▶ [TASK DETAILS]:
Return the data below exactly, minus the pictures.

▶ [DATASET EXCERPT]:

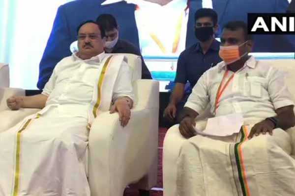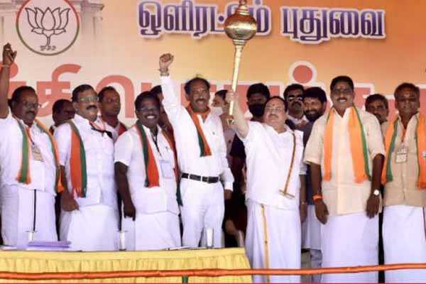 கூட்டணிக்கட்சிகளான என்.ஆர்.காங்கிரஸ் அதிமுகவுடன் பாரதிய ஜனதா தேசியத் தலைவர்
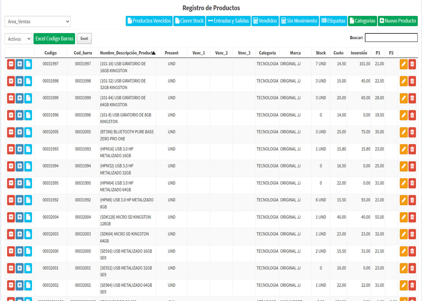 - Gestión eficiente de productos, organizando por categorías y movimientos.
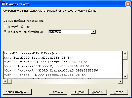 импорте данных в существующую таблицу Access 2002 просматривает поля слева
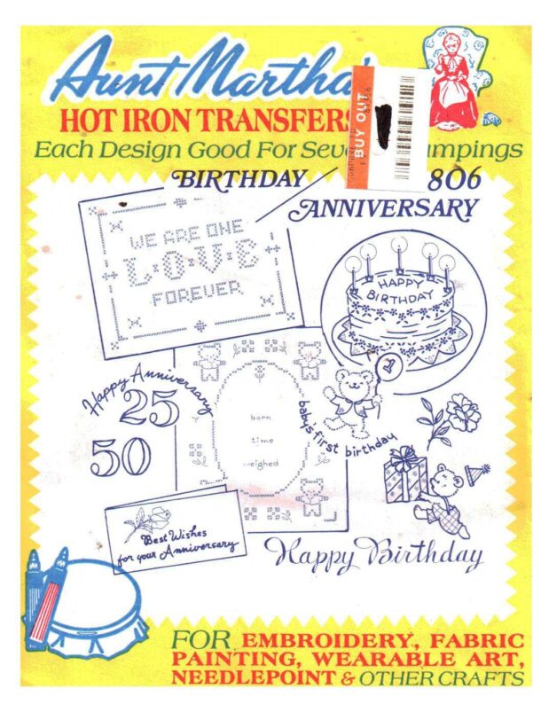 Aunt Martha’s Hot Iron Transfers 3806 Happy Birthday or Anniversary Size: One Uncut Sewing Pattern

▶ [THE COMPLETED TASK]:
 கூட்டணிக்கட்சிகளான என்.ஆர்.காங்கிரஸ் அதிமுகவுடன் பாரதிய ஜனதா தேசியத் தலைவர்
 - Gestión eficiente de productos, organizando por categorías y movimientos.
 импорте данных в существующую таблицу Access 2002 просматривает поля слева
 Aunt Martha’s Hot Iron Transfers 3806 Happy Birthday or Anniversary Size: One Uncut Sewing Pattern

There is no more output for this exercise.